The randomized controlled trial proved the researchers’ hunch that a partisan message would be a potent way to overcome the entrenched partisan divide around COVID-19 vaccines, according to co-author Steven Tadelis, professor of business and public policy at the Haas School of Business. It was also relatively inexpensive.
“Creating an intervention that effectively costs about $1 per extra vaccine is remarkably cost-effective, and a small fraction of the cost of other interventions,” Tadelis said, noting that studies of U.S. state vaccine lotteries put the cost at $68 to $82 per vaccine. Offering people direct compensation for getting vaccinated in Sweden put that cost at $24.
“Creating an intervention that effectively costs about $1 per extra vaccine is remarkably cost-effective, and a small fraction of the cost of other interventions.” —Steven Tadelis, Berkeley Haas
Using politics to overcome the political divide
Data from the Kaiser Family Foundation found that among the 27% of American who remained unvaccinated as of October, 60% identify as Republicans and just 17% as Democrats. Counties that voted heavily for Trump experienced COVID-related death rates nearly three times higher than counties that voted heavily for Joe Biden, an NPR analysis found.
Although Trump spearheaded Operation Warp Speed and he and former First Lady Melania Trump got their shots as soon as the vaccine was available, Trump did little to encourage vaccine uptake. Meanwhile, messaging from the Centers for Disease Control and Prevention (CDC) and medical experts about the vaccine’s efficacy has been overshadowed by a drumbeat of skeptical Fox News personalities who are also among Trump’s biggest boosters.

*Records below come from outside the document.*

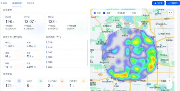 与图在客户圈选区域后,会返回周边区域画像(如小区数量、区域房价、区域业态等)、客群画像(性别比例、年龄分布、美食偏好等)、商业消费画像(如区域内人群的消费力层次、消费趋势等),最终根据全方位数据和信息,建立适合客户业务开展的选址模型,一键生成位置推荐指数,帮助客户实现高效的位置评估决策。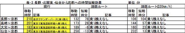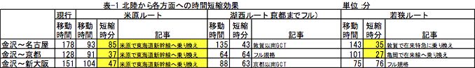 以下の表では、米原ルート=東海道新幹線に乗り換え・湖西ルート=現湖西線をGCT走行・若狭(小浜)ルート=亀岡を通過 と仮定したうえ、時間短縮効果を計算したものです。フル規格部分は260km/h走行が前提です。黄色部分は、乗り換えを伴うものです。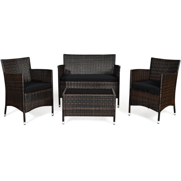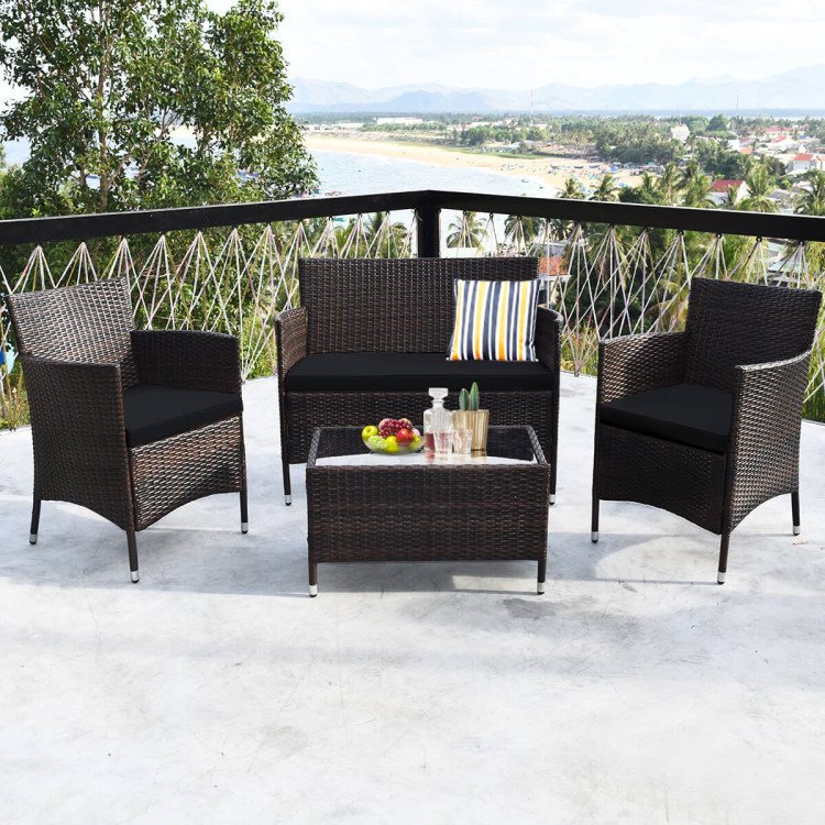 Home > 4 Pieces Comfortable Outdoor Rattan Sofa Set with Table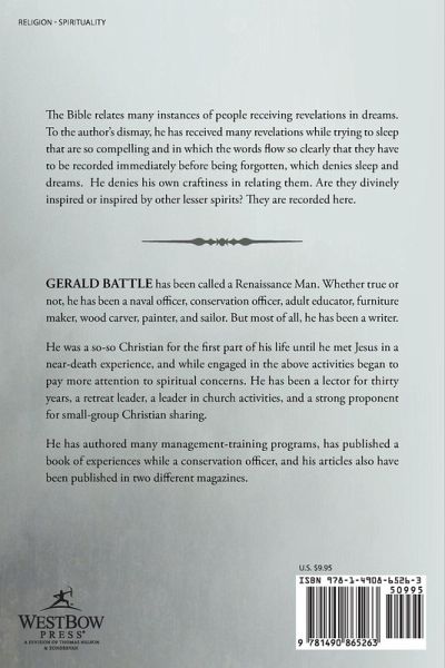 Gerald Battle has been called a Renaissance Man. Whether true or not, he has been a naval officer, conservation officer, adult educator, furniture maker, wood carver, painter, and sailor. But most of all, he has been a writer. He was a so-so Christian for the first part of his life until he met Jesus in a near-death experience, and while engaged in the above activities began to pay more attention to spiritual concerns. He has been a lector for thirty years, a retreat leader, a leader in church activities, and a strong proponent for small-group Christian sharing. He has authored many management-training programs, has published a book of experiences while a conservation officer, and his articles also have been published in two different magazines.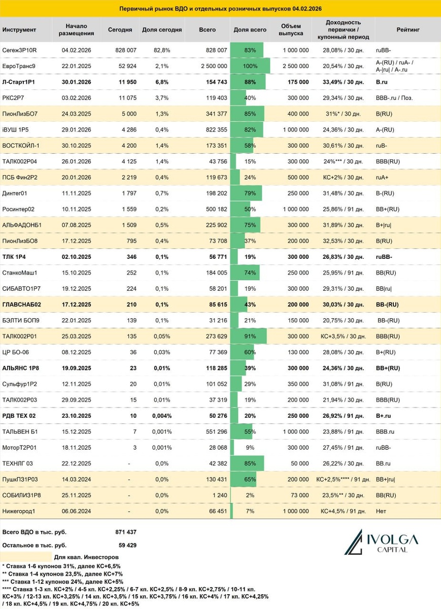 Итоги первичных размещений ВДО и некоторых розничных выпусков на 4 февраля 2026 г.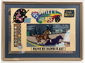 On February 20th, 2024, a horse escaped from a riding club in Strawberry Mansion and was later apprehended at the Allegheny Ave exit of Interstate 95 in Port Richmond. This runaway horse, which was seen by early morning traffic on the interstate, is the perfect subject matter for an inspiring equestrian scene as often depicted in classic paint by number kits. The artwork using hand cut paper collage recreates the packaging of a mid-century craft painting kit depicting the improbable run of the horse known as "Freeway" with the Philadelphia skyline as backdrop.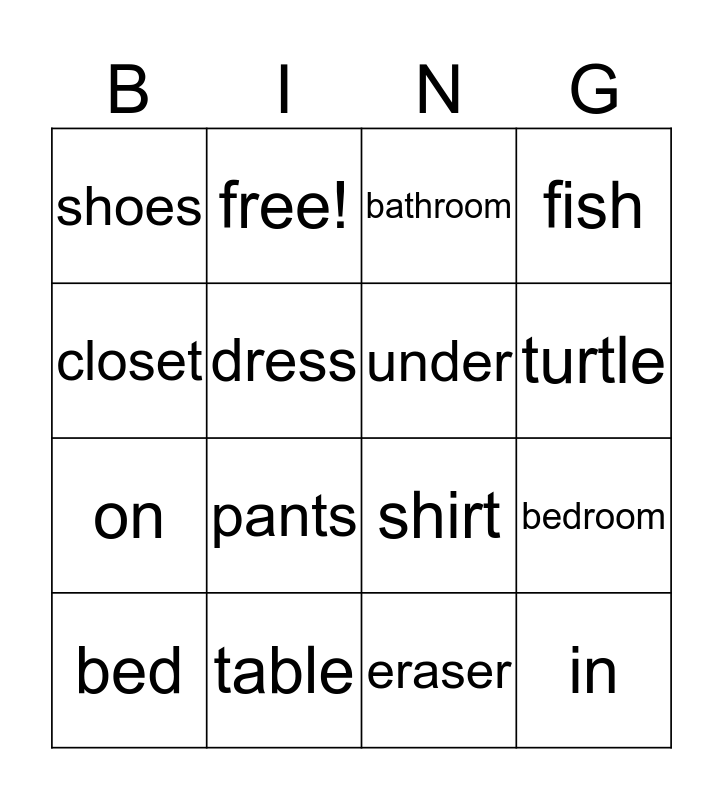 This bingo card has 20 words: bedroom, kitchen, bathroom, living room, bed, closet, table, shoes, on, free!, pants, shirt, dress, in, under, desk, turtle, fish, eraser and guitar.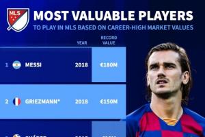 美職聯球星巔峰身價榜:梅西1.8億歐居首,格列茲曼1.5億歐第二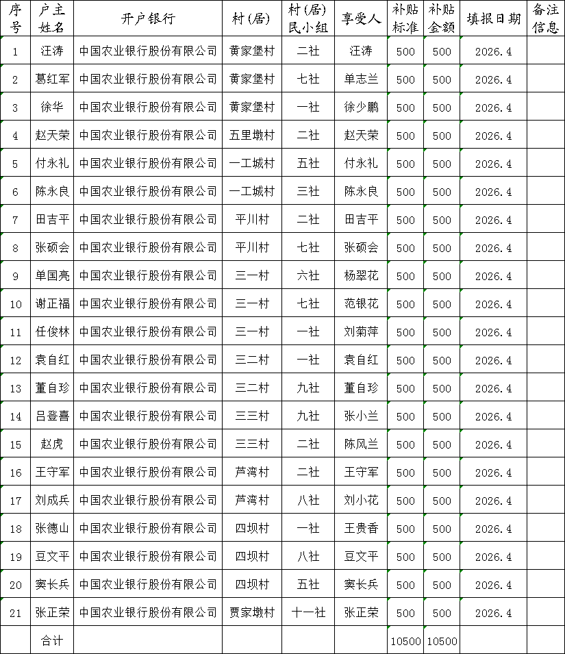 平川镇2026年4月乡村公益性岗位人员岗位补贴发放表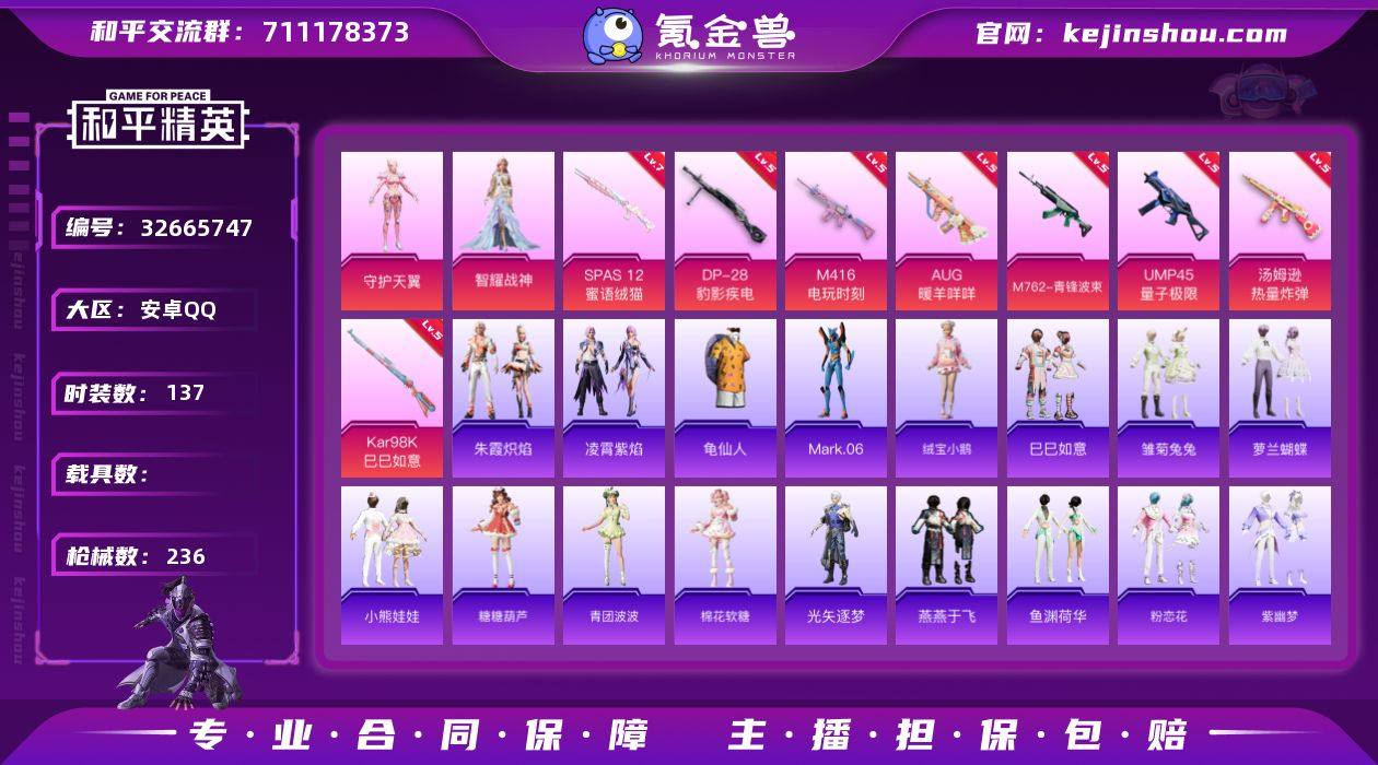 【kyhp1229】安卓 手Q-2粉装-10特效枪-0载具-2粉色飞行器-60751热力值-10王牌印记-137套装-236枪皮 【热门品类】:套装-龟仙人,角色-Mark.06 【粉色套装】:角色-守护天翼,角色-智耀战神 【粉色枪皮等级】:M416-电玩时刻(五级),AUG-暖羊咩咩(五级),M762-青锋波束(五级),UMP45-量子极限(五级),汤姆逊-热量炸弹(五级),Kar98K-巳巳如意(五级),Mk14-福马献瑞(五级),AA12-G-萌骑幻想(二级),SPAS-12-蜜语绒猫(七级),DP-28-豹影疾电(五级) 【粉色枪皮】:M416-电玩时刻,AUG-暖羊咩咩,M762-青锋波束,UMP45-量子极限,汤姆逊-热量炸弹,Kar98K-巳巳如意,Mk14-福马献瑞,AA12-G-萌骑幻想,SPAS-12-蜜语绒猫,DP-28-豹影疾电 【粉色飞行器】:炫彩糖果飞行器,极意拳锋飞行器 【粉色降落伞】:第五大道降落伞,未来歌姬降落伞,绝色倾城降落伞,桃粉嫣然降落伞,绯穹魔姬降落伞,炫彩糖果降落伞 【稀有套装】:套装-龟仙人,套装-绒宝小鹅,套装-巳巳如意,套装-炫彩糖果,套装-马上来财,套装-雏菊兔兔,套装-萝兰蝴蝶,套装-小熊娃娃,套装-糖糖葫芦,套装-青团波波,套装-棉花软糖,角色-光矢逐梦,套装-燕燕于飞,套装-鱼渊荷华,套装-粉恋花,套装-紫幽梦,套装-蓝...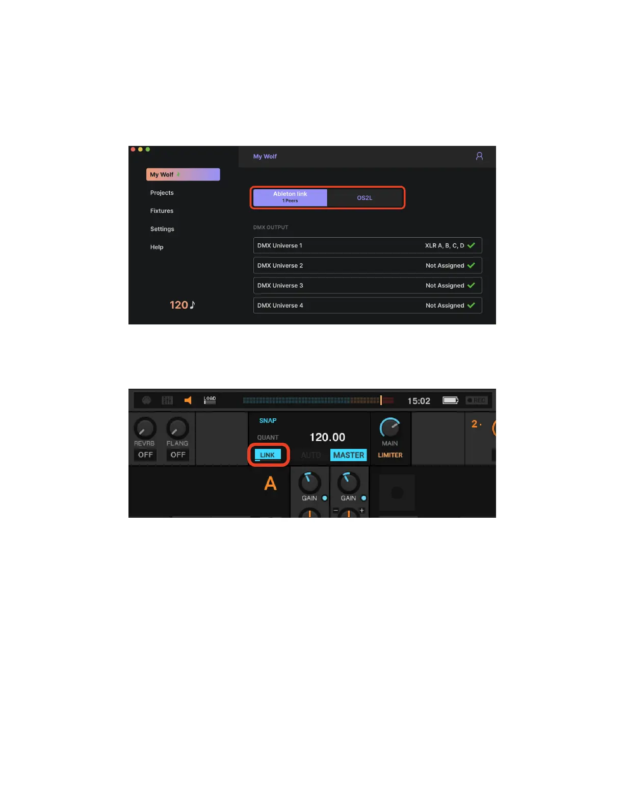 For Ableton Link, open your DJ software and nd the LINK button. The image below shows Native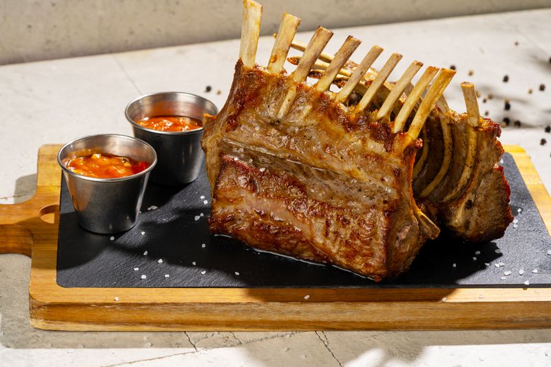 Jēra karbonāde ar kaulu, cepta paprikas mērce ar mango, cepta paprikas mērce
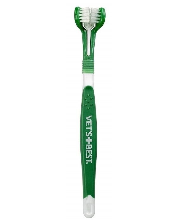 Vet 's Best® zubní kartáček má tři hlavy, které se pohodlně přizpůsobí tvaru každého zubu a tím efektivně vyčistí celý chrup Vašeho pejska. Doporučujeme jej používat v kombinaci s dentálním gelem pro psy Vet 's Best.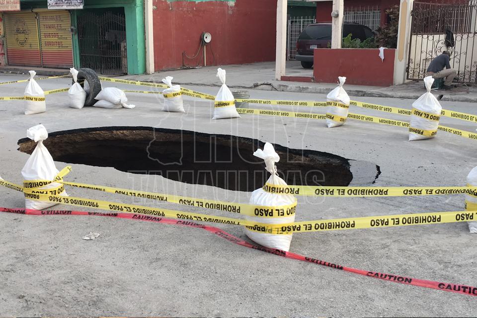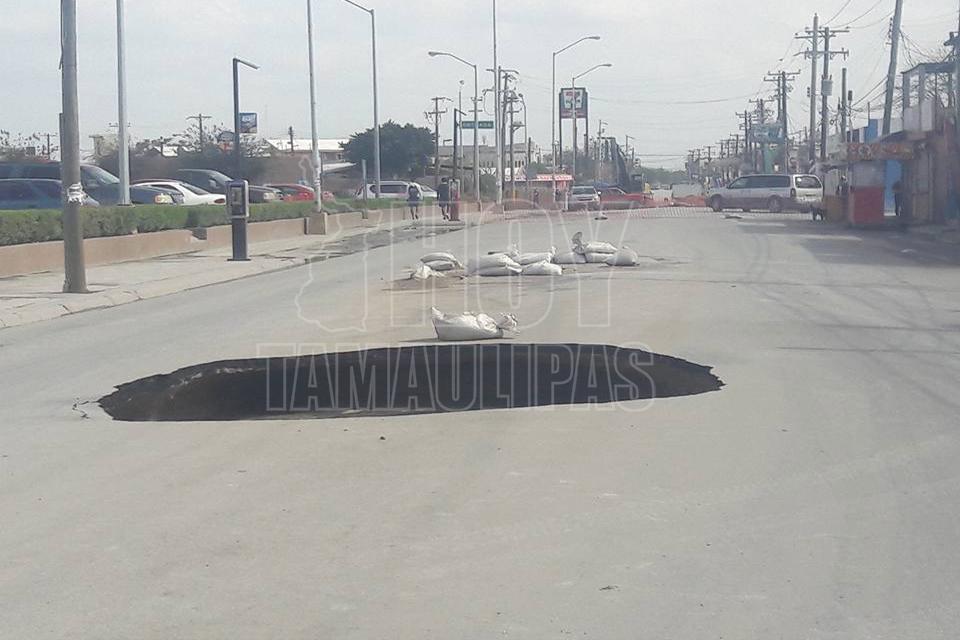 Reynosa, Tamaulipas.- Un profundo socavón se abrió este sábado en la Avenida Américo Villarreal Guerra, que divide a las colonias Lázaro Cárdenas y Antonio J. Bermúdez en Reynosa.

“We felt like there should be a better way to send a message that would resonate with people on the right,” said Stanford economics professor Brad Larsen, lead author of the study, in a press release.
“We felt like there should be a better way to send a message that would resonate with people on the right.” —Brad Larsen, Stanford University
The National Bureau of Economic Research working paper was co-authored by political science professors Timothy Ryan, Marc Hetherington, and Rahsaan Maxwell from the University of North Carolina at Chapel Hill and Steven Greene from North Carolina State University.
Creating the experiment
The researchers received funding for the experiment from the Vaccine Confidence Fund, and it was approved under the Institutional Review Board at Stanford University.
They hired a professional video editor to create a 27-second public service announcement with an upbeat soundtrack. It opens with the Fox 13 News Utah anchor declaring, “Donald Trump is urging all Americans to get the COVID-19 vaccine.” It then cuts to a phone interview in which Fox News anchor Maria Bartiromo nods in agreement while then-President Trump says, “I would recommend it, and I would recommend it to a lot of people that don’t want to get it, and a lot of those people voted for me, frankly.”
Next is another clip of the Fox 13 News Utah anchor explaining, “Both Trump and former First Lady Melania Trump did receive their vaccines privately in January at the White House.” The final shot shows a social media post Ivanka Trump shared when she got her jab. The ad closes with the statement, “Your vaccine is waiting for you.” It also includes a link back to the original broadcast.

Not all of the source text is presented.